> [WORK TASK]:
Copy the material below verbatim from the line with "ARAD. Cu un minut" to the line with "2024 새로운 소녀", both lines included, omitting pictures and every line outside that range.

*** RECORDS FOR THE TASK ***

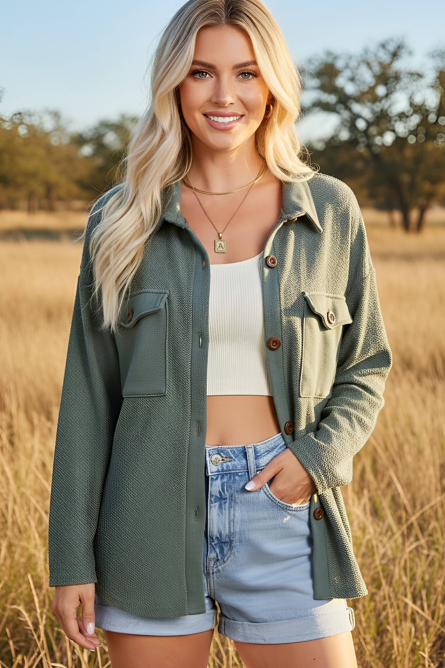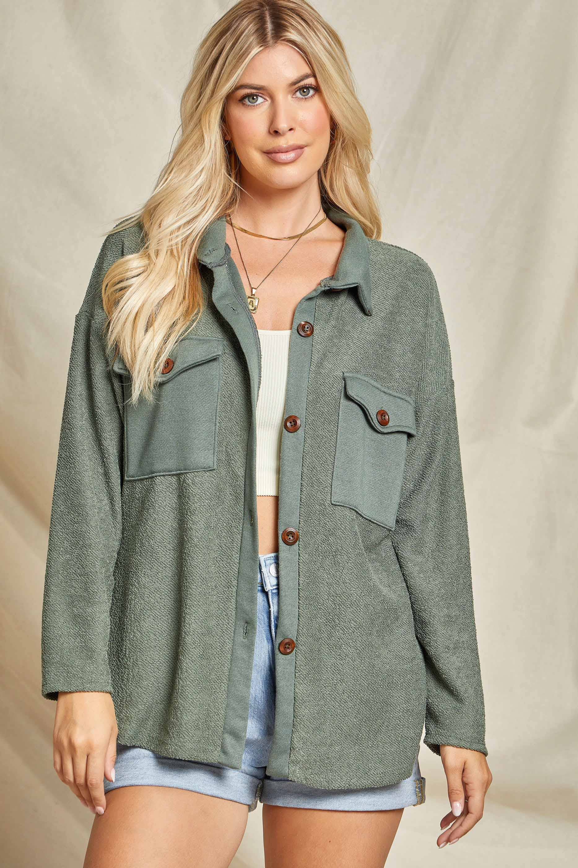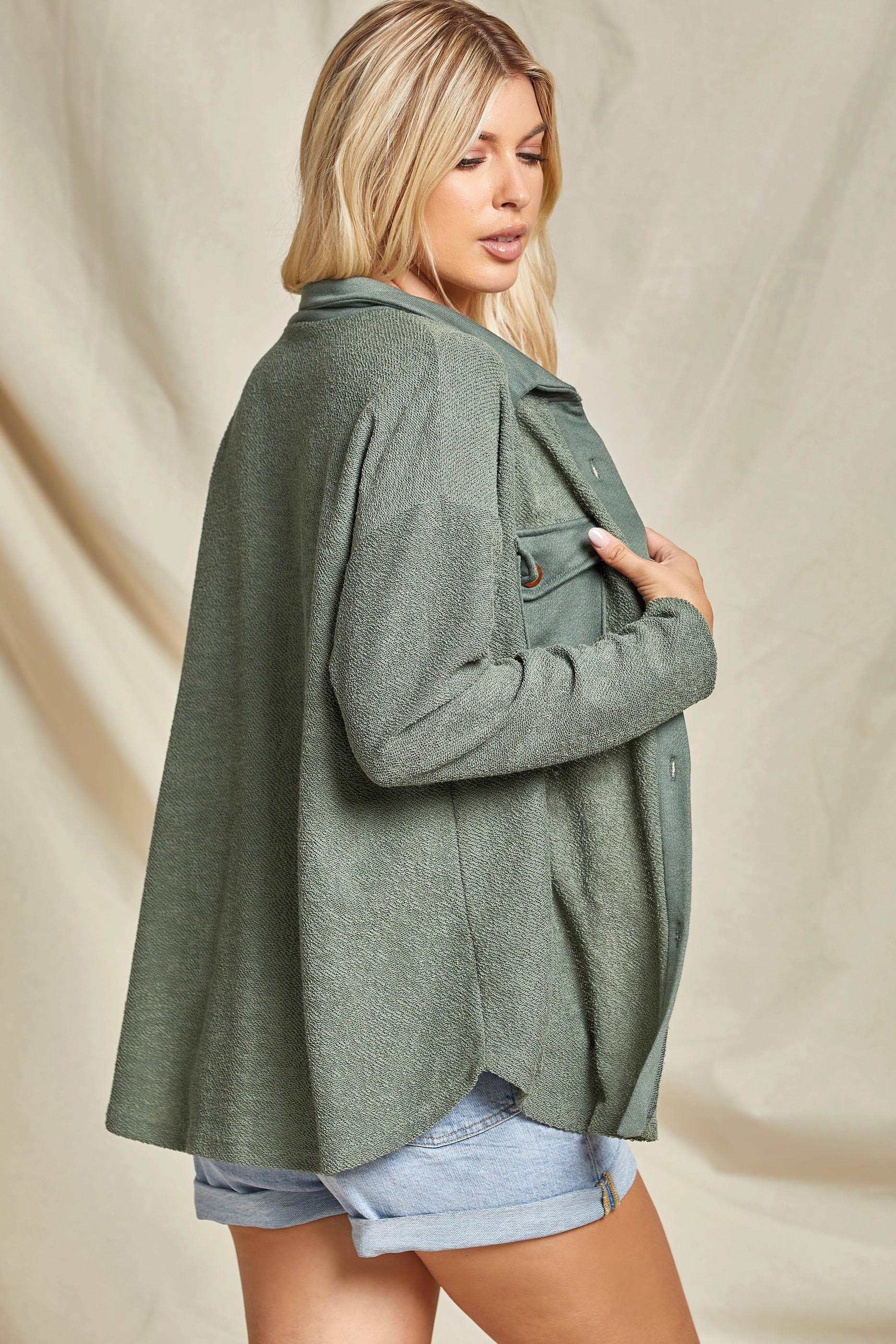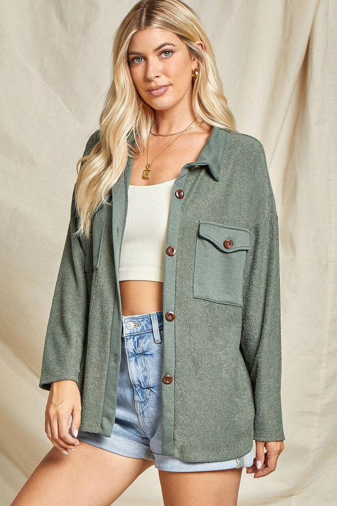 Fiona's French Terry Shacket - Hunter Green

*** End of RECORDS FOR THE TASK ***
*** RECORDS FOR THE TASK ***

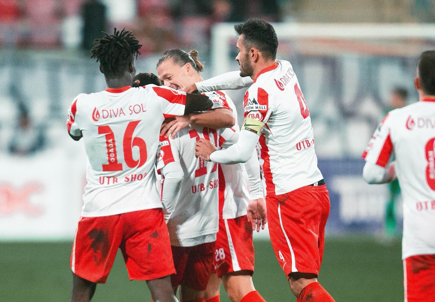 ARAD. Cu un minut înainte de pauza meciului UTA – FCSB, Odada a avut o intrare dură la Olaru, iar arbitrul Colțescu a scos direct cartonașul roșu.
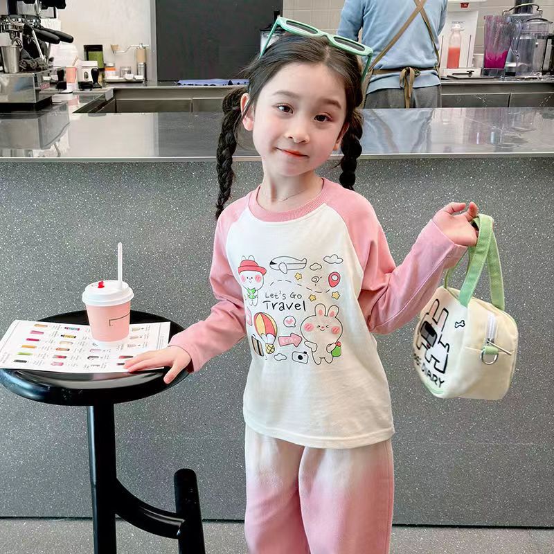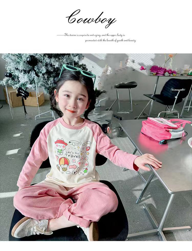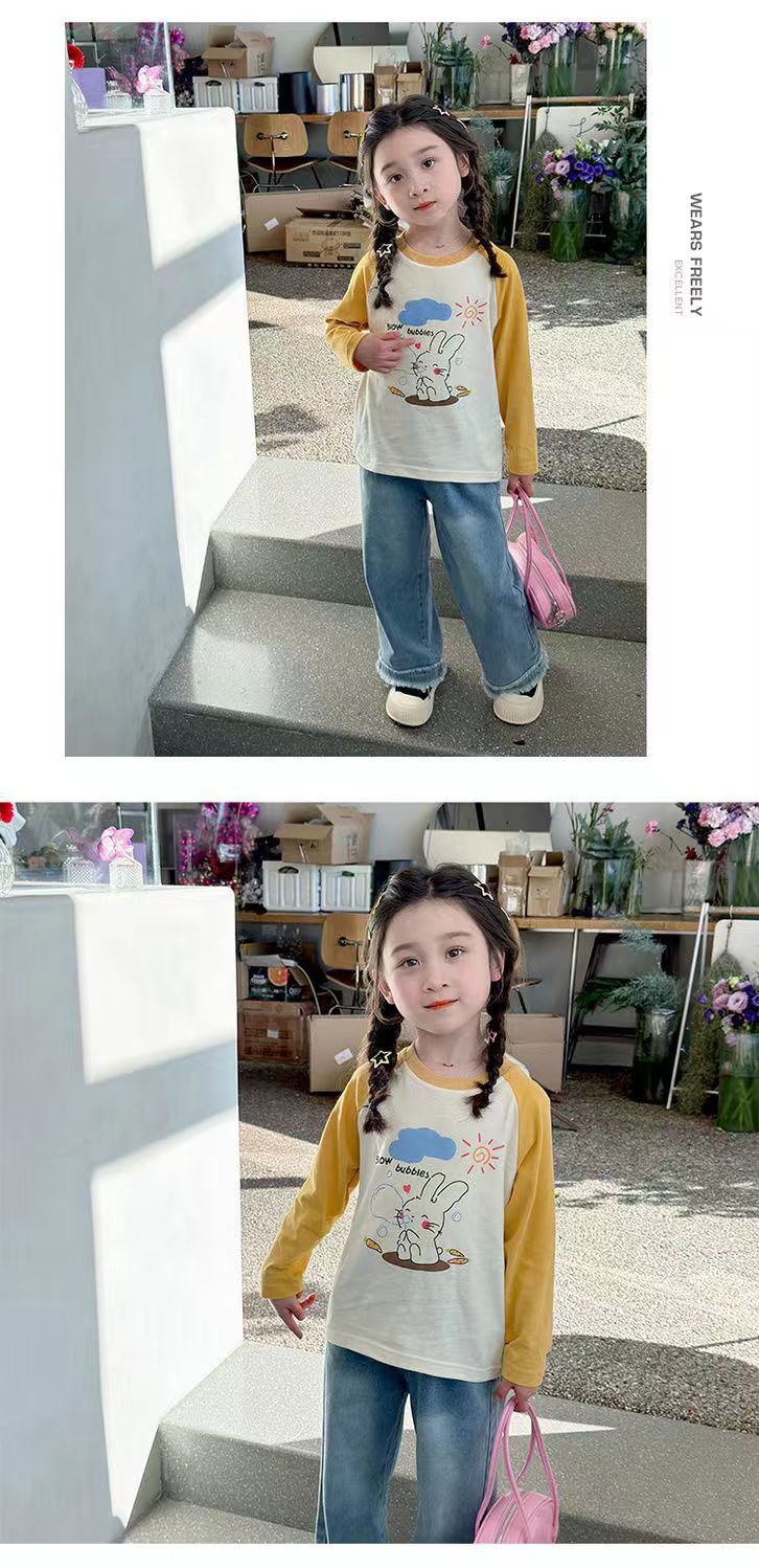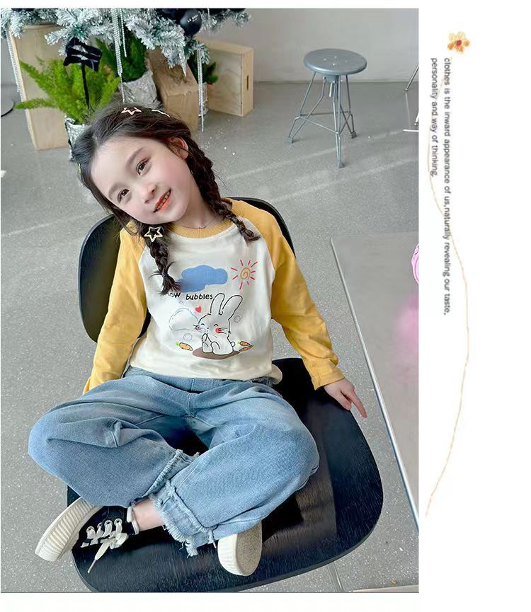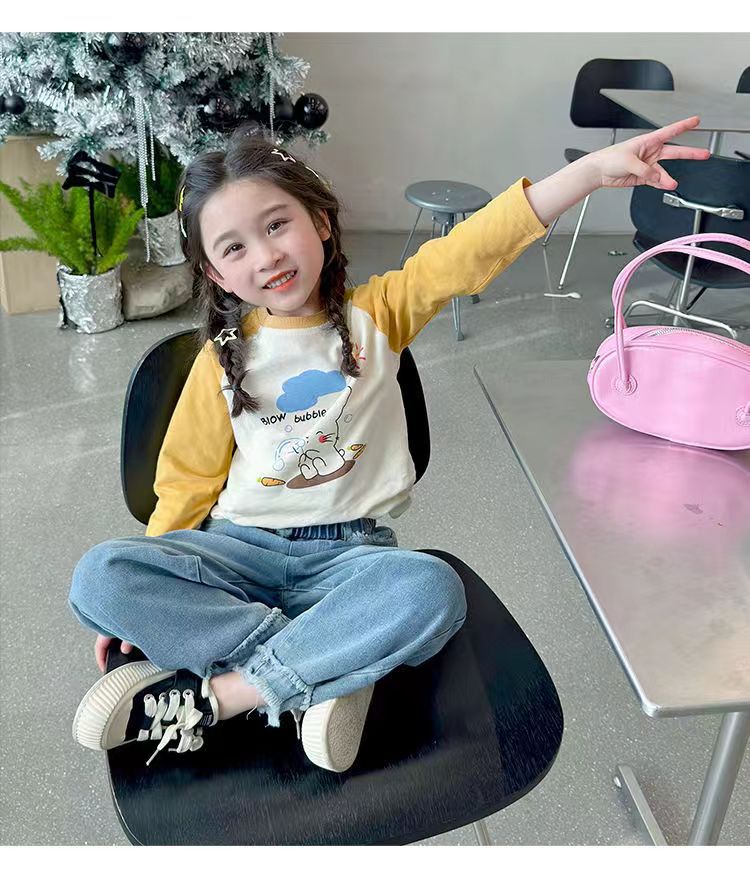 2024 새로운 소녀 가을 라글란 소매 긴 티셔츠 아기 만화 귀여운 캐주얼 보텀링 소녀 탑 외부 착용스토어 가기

*** End of RECORDS FOR THE TASK ***

> [TASK OUTPUT]:
 ARAD. Cu un minut înainte de pauza meciului UTA – FCSB, Odada a avut o intrare dură la Olaru, iar arbitrul Colțescu a scos direct cartonașul roșu.
 2024 새로운 소녀 가을 라글란 소매 긴 티셔츠 아기 만화 귀여운 캐주얼 보텀링 소녀 탑 외부 착용스토어 가기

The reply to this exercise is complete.